***** Source records *****
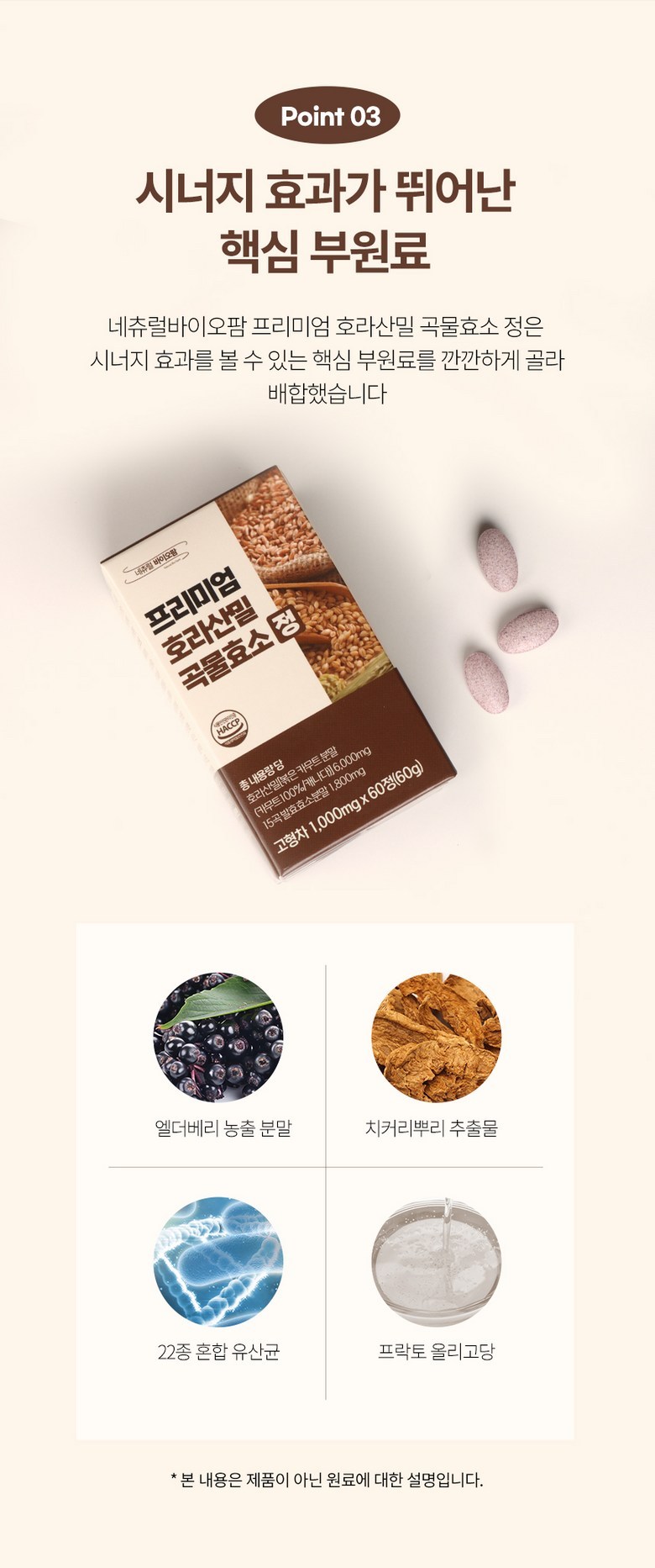 | 포장단위별 내용물의 용량(중량), 수량 | 60g, 60정 | 원재료명 및 함량 | 제품내 표시 |
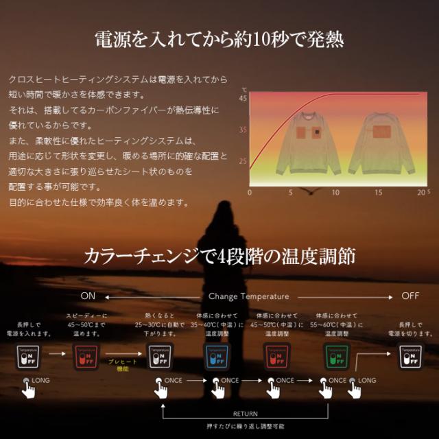 ■商品特徴 CROSS HEAT R00 ヒーティングシステムは、わずか数秒で発熱する高性能電熱ベストです。 熱伝導性に優れたカーボンファイバー(炭素繊維)を採用し、背中とお腹をしっかり温めます。 温度は4段階調整に対応。さらにプレヒート機能(自動温度調整)を搭載し、最適な暖かさをキープします。 柔軟性のあるヒーティングシートを内蔵しているため、動きやすく、 作業着としてもアウトドア・ツーリング・キャンプ・通勤・釣りなどあらゆる冬のシーンで活躍します。 ■防水仕様のシリコンコントローラ搭載 完全防水のシリコンコントローラを採用。 電源のON/OFFや温度切替をワンタッチ操作でき、LEDで発熱レベルを視認可能。 約200回の手洗いテスト(自社基準)をクリアし、安心して洗濯可能です。 (※ドライクリーニングは不可) ■高性能リチウムポリマーバッテリー採用 従来のニッカド電池より約1.5倍の容量を確保したリチウムポリマーバッテリーを採用。 小型・軽量ながら長時間発熱を実現し、寒冷地や屋外現場でも快適に使用できます。 【バッテリー仕様】 容量:20,000mAh(3.7V 約74Wh) 定格出力容量:約12,000mAh 出力ポート:USB-A×2、USB-C×1 入力ポート:USB-C、Micro USB 本体重量:約340g サイズ:約130×68×25mm カラー:ブラック 付属品:充電ケーブル(Type-C) ■PSE認証 届出事業者名:株式会社リブレ PSマークの種類:丸形PSE ※CROSS HEATシリーズの電熱ウェアすべてに互換性があります。 ■主な特長まとめ 【即暖】数秒で発熱するカーボンファイバー内蔵 【4段階温度調整】シーンに合わせた快適温度 【プレヒート機能】自動で最適温度に調整 【防水設計】シリコンコントローラ搭載で洗濯可能 【長時間発熱】大容量リチウムバッテリー付属 【軽量設計】約340gバッテリーで持ち運び楽々 【多用途】作業・ツーリング・釣り・キャンプなど冬の防寒対策に最適 【ユニセックス】男女兼用・幅広いサイズ展開 ■使用シーン ・屋外作業 ・釣り/キャンプ/スキー/スノーボード ・ツーリング/バイク通勤 ・寒冷地での防寒対策 身近なコンビニでも用意出来る乾電池(電池ボックス)から電源を供給したり、自動車やバイクの バッテリー(DC12V)から直接電源を供給したり、様々な電源供給を可能とするオプションパーツも展開しています。 テクノロジーが生み出したクロスヒートヒーティングシステムは 世界の環境を変える新たなイノベーションです。 |
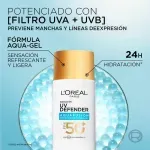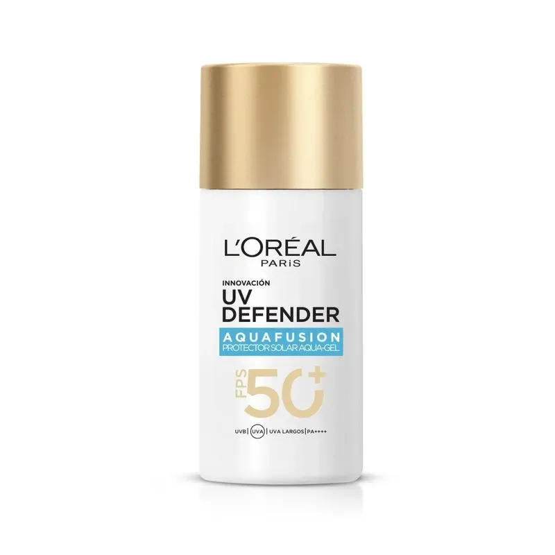 Nuevo Uv Defender Aquafusion Fps 50+. Protector Solar Aqua-gel con textura ligera como el agua, que se absorbe en 3 segundos. Refresca la piel y controla la oleosidad todo el día para una sensación de piel limpia sin dejar residuos blancos. Protege la piel de signos visibles de los daños por rayos UVB y UVA, hidratando por 24hs.
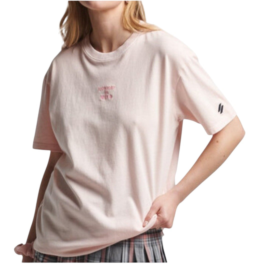 Címke nélküli, rózsaszín, pamut, oversized fazon, kerek nyak, rövid, bő ujj, hímzett rózsaszín "Summer is wild" felirat és kis logó az ujjon.
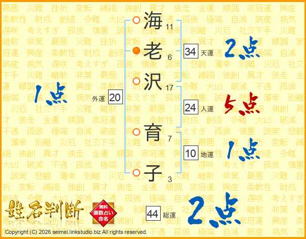 海(11画)老(6画)沢(17画) 育(7画)子(3画)
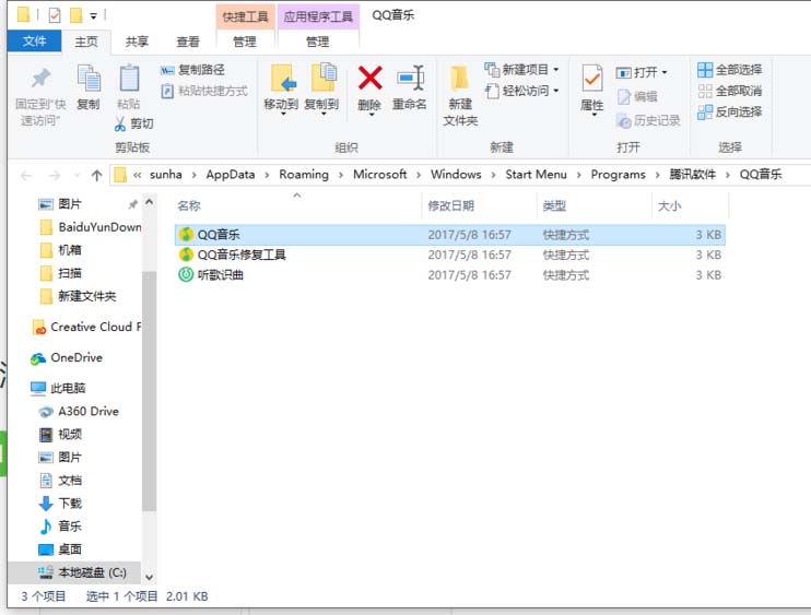1、在開始菜單中騰訊軟件文件夾中找到QQ音樂或是其他軟件
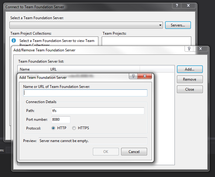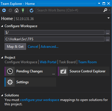 It can connect to TFS Online or Github. For this example I will use the hosted TFS we have just installed. We first need to add it to TFS server list.
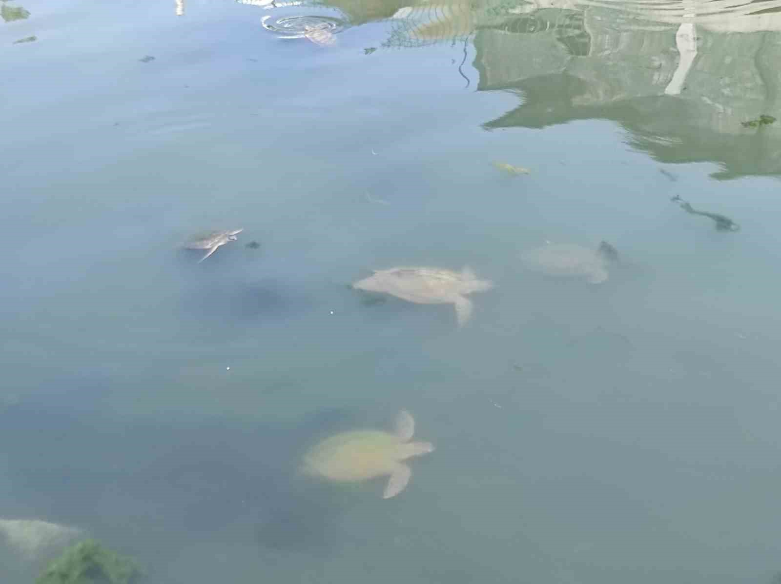 Fethiye’de salı pazarı meydanından denize dökülen kanal, hayvan çeşitliliği ile yerli ve yabancı turistlerin ilgi odağı oldu. Caretta carettadan balıklara, kuşlardan ördeklere kadar birçok farklı türe ev sahipliği yapan kanal, bugün yaklaşık 10’a yakın caretta carettanın beslenme ve dinlenme noktası haline geldi. Günün belirli saatlerinde kanala gelerek yiyecek arayışına çıkan caretta carettalar, suyun yüzeyinde yüzerken görsel şölen oluşturdu. Özellikle sabah ve akşam saatlerinde gözlemlenen bu etkileyici manzara, Fethiye’nin doğal çekiciliğini ve zengin deniz yaşamını bir kez daha ortaya koyuyor. İlçede Salı günleri kurulan semt pazarına gelen yerli ve yabancı turistler ise caretta carettaları gözlemlemek için dakikalarca kanalı seyrediyor.
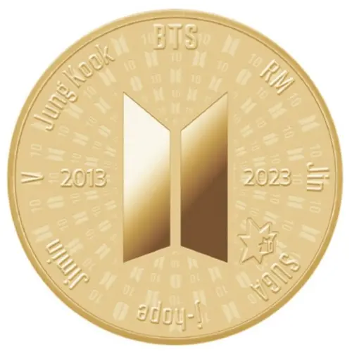| Obverse lettering | BTS 2013 2023 RM, Jin, SUGA, j-hope, Jimin, V and Jung Kook |
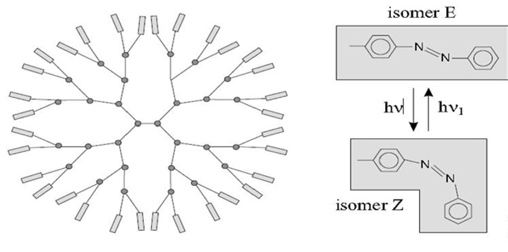 The antennae on dendrimers are made to receive light. Absorption pigments on the outer surface of these dendrimers transport light energy to other pigments in the nucleus [275-279]. The cavity may open or close in response to light from the dendrimer optical receptors, allowing the trapped drug to either be released or absorbed [280-282]. Archut et al. published an example of such optical antennas. Photochemical pore opening occurred in the dendrimer (polypropylene imine with the 32-end group of azobenzene) (Figure 13). This dendrimer’s azobenzene groups can be reversed by optical isomerization. When exposed to 313 nm light, isomer E transforms into Z form; at 254 nm or heat, it reverts to its original isomeroulia, E. These dendrimers can serve as a light-switching host for eosinY, a red crystalline powder with the formula C20H8O5Br4 that is employed in biology to stain cells when combined with sodium or potassium ions. Guest molecules are released as a result of these photochemical alterations on the dendrimers’ surface [283-287].
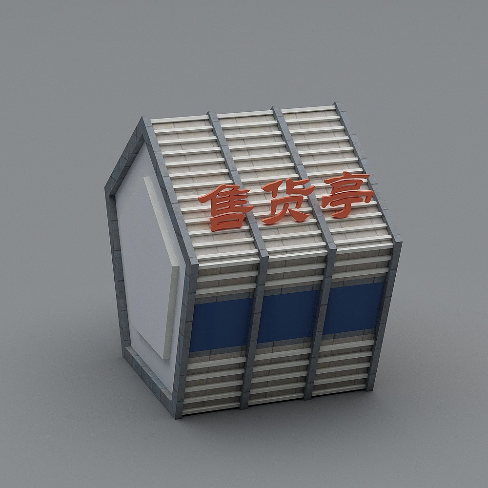 This Unique Low-Poly Kiosk model features a minimalist gray frame, white walls, blue windows, and red Chinese characters. With around 500 polygons and high-quality textures, it suits architectural, game, and animation projects.
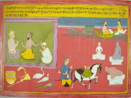 | Description / विवरण | Miniature painting based on Mahabharat - Bhishma parva depicting by hearing about the Kurukshetra war Vyas is coming to meet Dhritrashtra and give Sanjay Divyadisti so that he can narrate the war to Dhritrashtra. Vyas again says that by hearing about war great calamity accures, even the stone statues will laugh at them. |
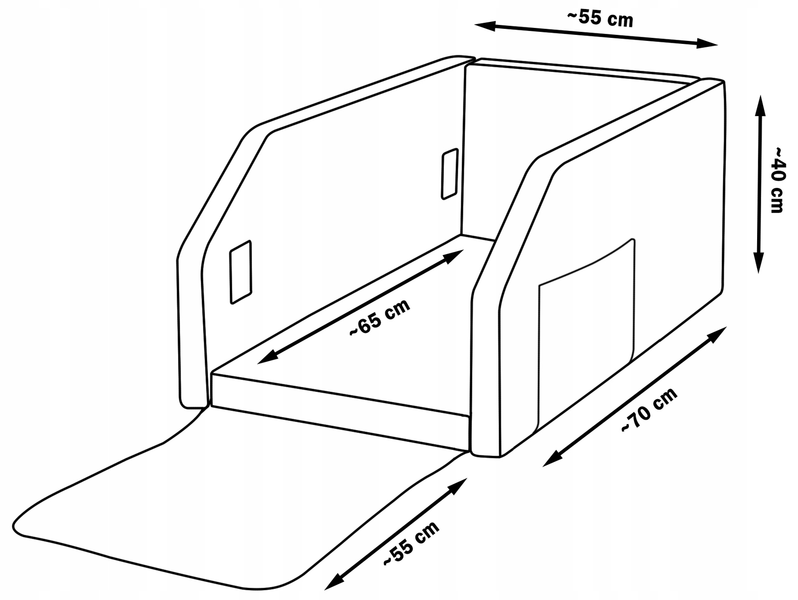 4Регульована стрічка дозволяє прості та безпечні складання транспортера в машині. Його слід проводити через два тунелі всередині транспортера, а потім накрити навколо задньої частини заднього сидіння і відрегулювати довжину.
*****
### Brief
Look above and copy only the lines from the one holding "1、在開始菜單中騰訊軟件文件夾中找到QQ音樂或是其他軟件" to the one holding "Jung Kook |", both included, exactly, minus the pictures.

### The completed task
1、在開始菜單中騰訊軟件文件夾中找到QQ音樂或是其他軟件
 It can connect to TFS Online or Github. For this example I will use the hosted TFS we have just installed. We first need to add it to TFS server list.
 Fethiye’de salı pazarı meydanından denize dökülen kanal, hayvan çeşitliliği ile yerli ve yabancı turistlerin ilgi odağı oldu. Caretta carettadan balıklara, kuşlardan ördeklere kadar birçok farklı türe ev sahipliği yapan kanal, bugün yaklaşık 10’a yakın caretta carettanın beslenme ve dinlenme noktası haline geldi. Günün belirli saatlerinde kanala gelerek yiyecek arayışına çıkan caretta carettalar, suyun yüzeyinde yüzerken görsel şölen oluşturdu. Özellikle sabah ve akşam saatlerinde gözlemlenen bu etkileyici manzara, Fethiye’nin doğal çekiciliğini ve zengin deniz yaşamını bir kez daha ortaya koyuyor. İlçede Salı günleri kurulan semt pazarına gelen yerli ve yabancı turistler ise caretta carettaları gözlemlemek için dakikalarca kanalı seyrediyor.
| Obverse lettering | BTS 2013 2023 RM, Jin, SUGA, j-hope, Jimin, V and Jung Kook |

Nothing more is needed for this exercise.